The evidence was entirely circumstantial, but Kyle was sure he finally understood the mother-ship trick. Just as Grelben's engineers had kludged masersats from onboard equipment, they, or perhaps Rualf's special-effects team, must have hacked into the booster-kit software. Change the aiming logic to track a moon-orbiting radar buoy instead of a receding starship. Add an animation model of the movie-prop vessel to be projected. (Model, as well, the occasional holographic auxiliary ship going to or from the mother ship—an effective bit of misdirection.) Schedule the hand-off of projection duties from laser patch to laser patch, to compensate for the moon's rotation and to mimic the mother ship's purported orbital path. For a species with centuries of computer experience, he guessed the reprogramming was a snap.

Memories of Swelk occupied his walk to the Metro station and the subway ride itself, reminiscences intermingled with hopes for a new beginning. In a West Wing waiting room, he tried to focus on the latter.

"Sorry, I'm running late. Crisis du jour." Britt had appeared in the doorway. "Much simpler than crises we've handled. Come in. Can I get you something?"

"Water, thanks."

"Carl, two Perriers." Once the earnest intern nodded acknowledgment, Britt led the way to his office. "How's my favorite diplomat?"

"Fine." He took a chilled bottle. "Busy." A workaholic, not that I'm entitled to criticize.

Britt draped his suit coat over a chair. "It's ominous when you get terse and tongue-tied on me.
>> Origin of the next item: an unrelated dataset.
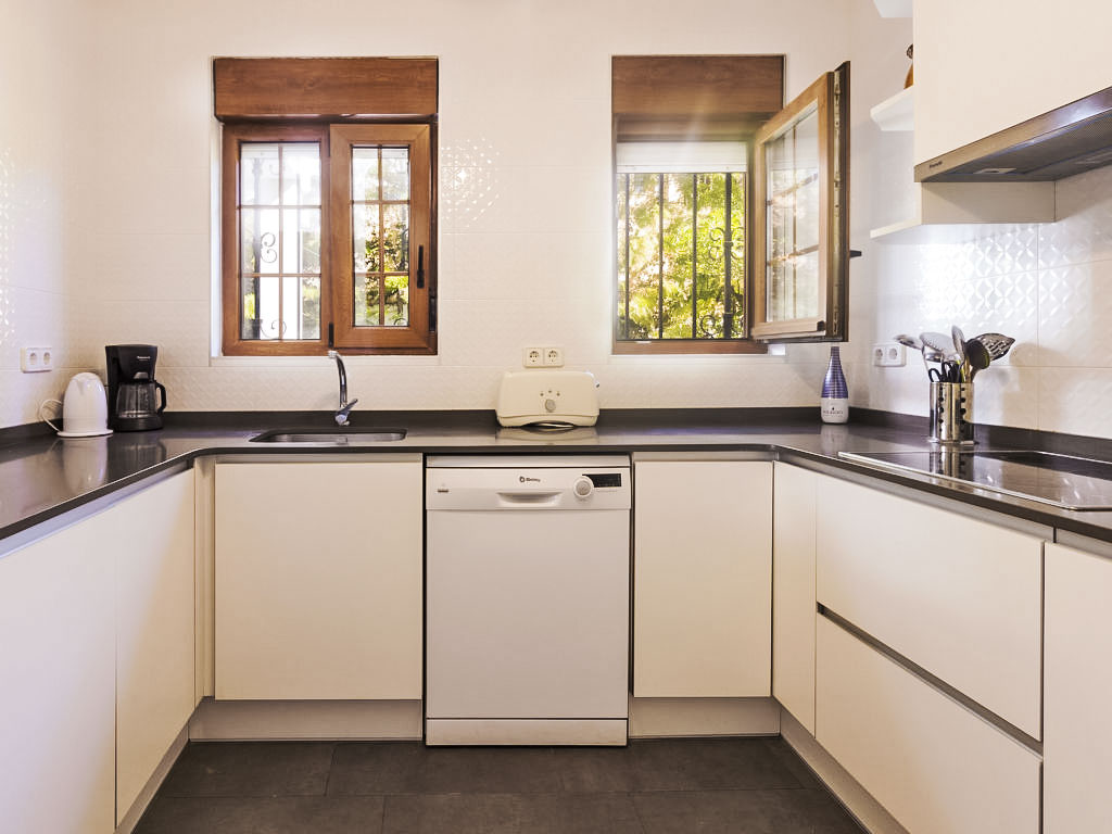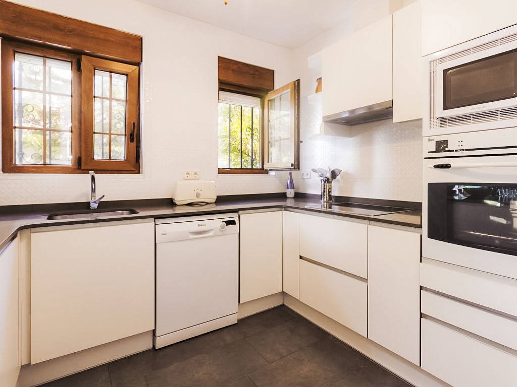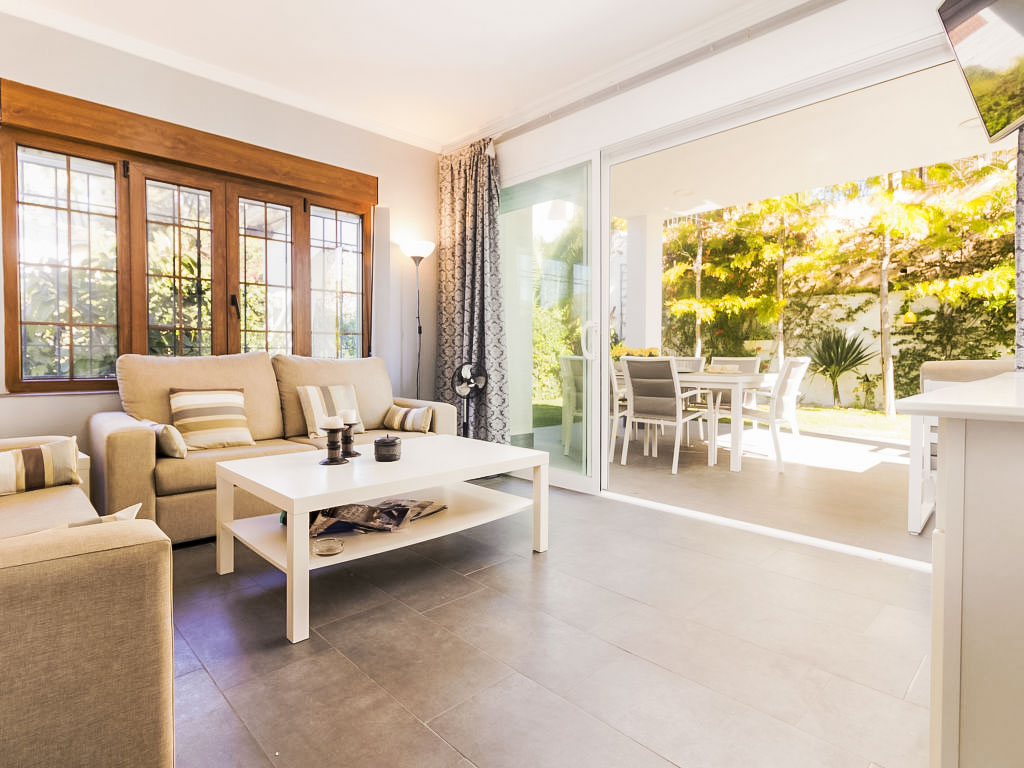 "El Dorado Playa - Villa La Roca", 6-Zimmer-Haus 170 m2. Objekt geeignet für 8 Erwachsene. Geräumig, komfortabel und geschmackvoll eingerichtet: Wohn-/Esszimmer mit Digital-TV. Ausgang zum Gartensitzplatz. 2 Zimmer, jedes Zimmer mit 2 Betten. 1 Zimmer mit 1 franz. Bett. Salon. Ausgang zum Gartensitzplatz. Küche (Backofen, Geschirrspüler, 3 Glaskeramikherd Platten, Toaster, Wasserkocher, Mikrowelle, elektrische Kaffeemaschine). Bad/WC, Dusche/WC. Obergeschoss: 1 Zimmer mit 2 Betten. Gartensitzplatz. Terrassenmöbel, Gartengrill, Liegestühle (4). Schöne Sicht auf den Garten. Zur Verfügung: Waschmaschine, Bügeleisen, Kinderhochstuhl, Babybett, Haartrockner. Internet (Wireless LAN). Bitte beachten: geeignet für Familien. Nichtraucher-Haus. HUTT-003333

What now?"

"Good news, actually." Kyle took a photo from his shirt pocket. "Matt's team repaired a recovered Krulchukor computer. Unlike Swelk's, it wasn't filled with movies and a translation program." They'd have been out of luck, though, without Swelk's computer to translate for it. 

Britt raised an eyebrow. "After all these years, they fixed it. Interesting."

Admit nothing. "Good things come to he who waits."

"We'll let that lie. What's on your always active mind?"

Had there been an emphasis on "lie"? "It was a crewman's computer. The maintenance files should be very helpful in recreating Krulchukor technology. Case in point." Kyle explained the mother-ship illusion. "It's nice to know why the mother ship was off in lunar orbit."

An intercom buzzed. "Your next appointment is here, sir."

Britt picked up the photo. "For someone bearing good news, you don't seem happy."

Nothing would be gained by citing the maddeningly vague reference in a recovered file to Clean Slate. Nor would reasserting his unshaken conviction of dangers lurking on the moon accomplish anything. Every suggestion over the years of a lunar program had been rebuffed. Krulirim were patient. They had to be—interstellar voyages lasted years.

Why was he the only one who believed Grelben's plans could be years in preparation?  

None of this prevented Kyle from doing his damnedest to be prepared. "Dar predicts the President will give the computer, too, to the UN. Our favorite diplomat implies I'm bitter."

Britt clasped his hands, fingers interlaced. "If, as I think likely, she's right, then what? Can I lure you into the District more often?"

"No, but with a good excuse." They had arrived, at last, at the reason for his visit. "I'd like to accept the President's offer of a job referral."